Assuming Claude knows your packages. fixest, modelsummary, wbstats, plm — these are not universal defaults. State what you use, especially if you have a preference between competing packages (e.g., fixest vs lfe for high-dimensional fixed effects).

Warning

Forgetting to update after major changes. If you restructure your folder layout or rename scripts, an outdated CLAUDE.md sends Claude looking in the wrong places.

Warning

No “What NOT to Do” section. This is where you prevent the most painful mistakes. Always include at least 3–5 prohibitions.

FAQ

What if I use Stata?

CLAUDE.md works the same way.

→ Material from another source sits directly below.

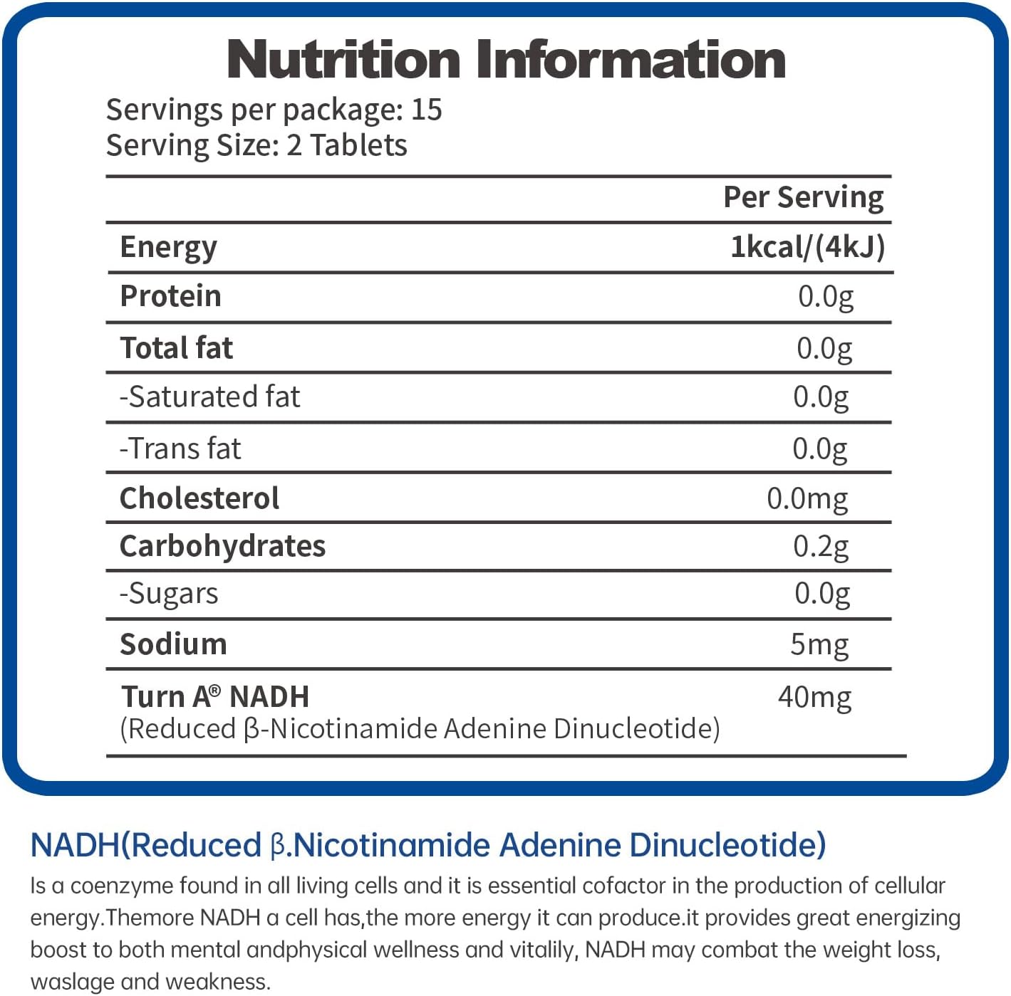 Safety Information Do not exceed recommended dose. Pregnant or nursing mothers, children under 18 and individuals with known medical condition should consult a physician before using this or any dietary supplement. Keep out of reach of children. Do not use if safety seal is damaged or missing. Store in a cool, dry place. Ingredients NADH (Reduced Nicotinamide Adenine Dinucleotide) Directions Take 2-4 tablets once a day, on an empty stomach or 30 minutes before meals with water. Legal Disclaimer Statements regarding dietary supplements have not been evaluated by the FDA and are not intended to diagnose, treat, cure, or prevent any disease or health condition.
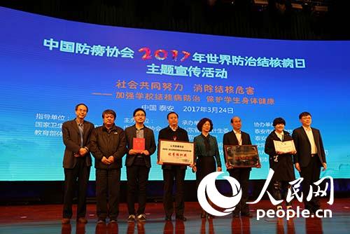人民網北京3月27日電 3月24日是第22個“世界防治結核病日”,由國家衛(wèi)生計生委疾控局、國家教育部體衛(wèi)藝司指導,中國防癆協會主辦,山東省衛(wèi)生計生委、山東省教育廳、泰安市人民政府、山東省結核病防治中心、山東防癆協會、泰山醫(yī)學院等多家單位聯合承辦的以開展校園結核病防治為主題的大型“世界防治結核病日”活動在山東省泰安市成功舉辦,近千人參加了本次活動。

Specify .do files instead of .R, your conventions for naming locals and globals, whether you want estout or esttab for tables, and how you handle preserve/restore. Claude Code can read and write .do files. One note: Stata execution (running .do files) requires a Stata license accessible from the terminal — Claude Code can write the code, but you may need to run it yourself.

What if I use Python?

Same concept, different specifics. Swap dplyr/data.table for pandas, fixest for statsmodels or linearmodels, ggplot2 for matplotlib/seaborn, and here::here() for pathlib.Path. Specify your dependency management (requirements.txt, pyproject.toml, or conda), your formatter (black, ruff), and your test runner (pytest). Claude Code handles .py files as naturally as .R files.

Can I have multiple CLAUDE.md files?

Yes. A CLAUDE.md in a subdirectory adds to — not replaces — the root one. Useful for projects with distinct subcomponents: a code/CLAUDE.md for coding conventions and a writing/CLAUDE.md for manuscript style. Claude reads both.

How long should it be?

For a typical research project: 50–150 lines. Long enough to cover data, conventions, and prohibitions. Short enough that you’ll actually keep it updated. The templates above are upper bounds, not minimums.

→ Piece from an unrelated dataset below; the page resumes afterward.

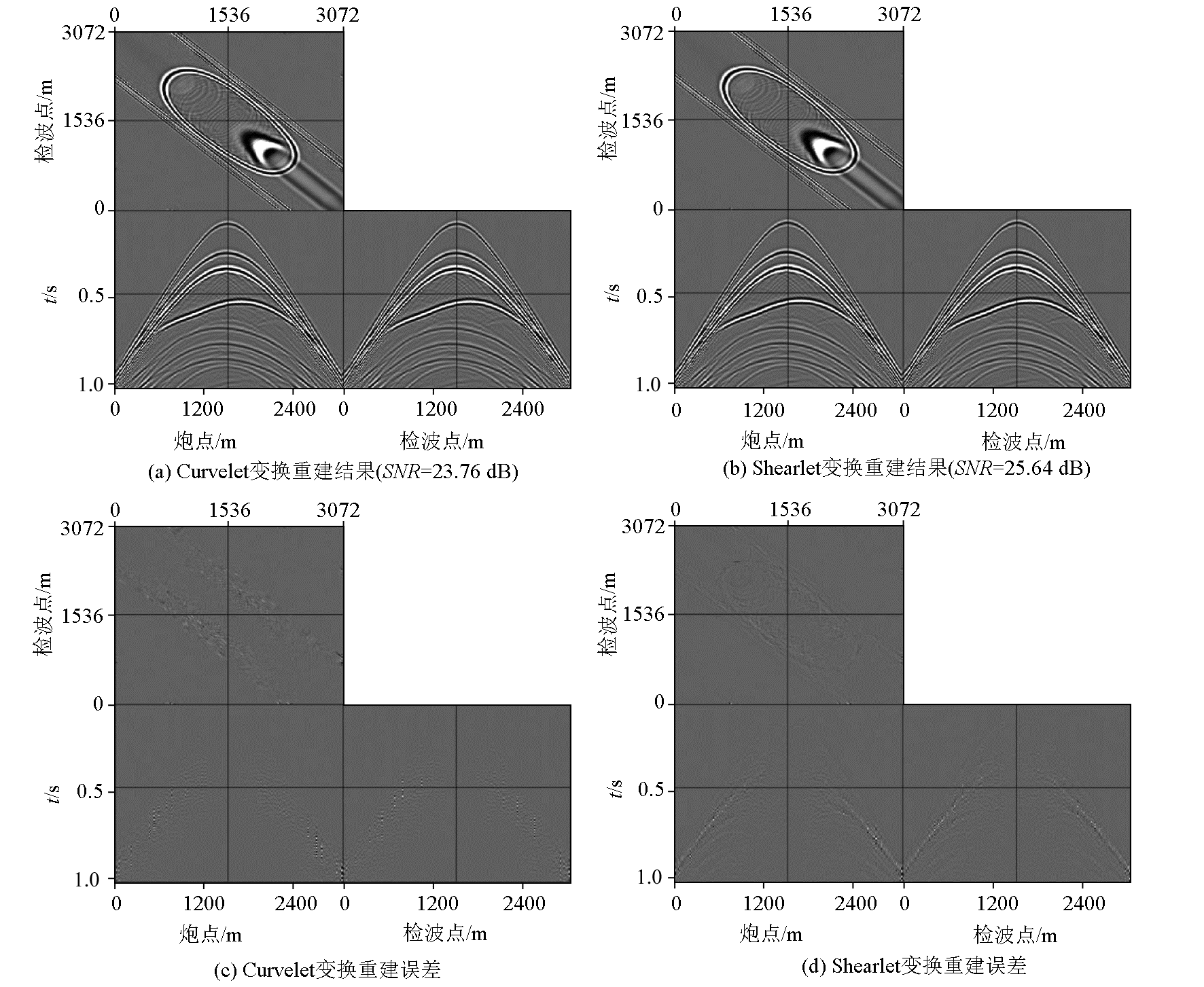 | 图3 Curvelet变换和Shearlet变换重建结果及其误差 |
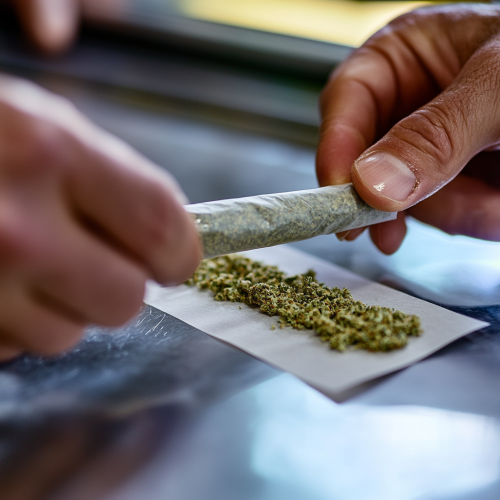skillfully rolling a cannabis joint. Finely ground cannabis is evenly spread across a rolling paper. The thumbs and index fingers carefully shape and roll the paper into a perfect cylindrical joint, with a filter tip at one end. The joint is sealed by gently licking the adhesive strip and finalizing the roll. Focus on the hands, paper, and cannabis with realistic detail, showcasing the proper rolling technique

Does it work with Codex (OpenAI)?

Yes. Codex reads CLAUDE.md as well. The format is compatible. See the costs guide for a comparison of the tools.

Should I commit it to Git?

Yes, always. It belongs in version control alongside your code. Your collaborators benefit from it too.

Examples

Demo project CLAUDE.md — the file used in the AI Bootcamp workshop (gravity model, BACI data, R/fixest)
Blattman’s CLAUDE.md guide — Chris Blattman’s own guidance, written for non-coders
A Real CLAUDE.md (annotated) — a sanitized version of Blattman’s actual production file. The Confirmation Guidelines section (when Claude should ask permission vs proceed) is the part that took him the most iteration and is well worth studying.
claudeblattman.com — Blattman’s full site with workflows, skills, and templates

Policy files — a Blattman pattern worth stealing

For larger workflows, Blattman recommends writing policy files (e.g. email-policy.md, calendar-policy.md, data-policy.md) before you build skills around them. Each takes 15–30 minutes to write and saves hours of debugging. They define what Claude is allowed to do without asking, what requires approval, and what is off-limits. Reference them from your CLAUDE.md.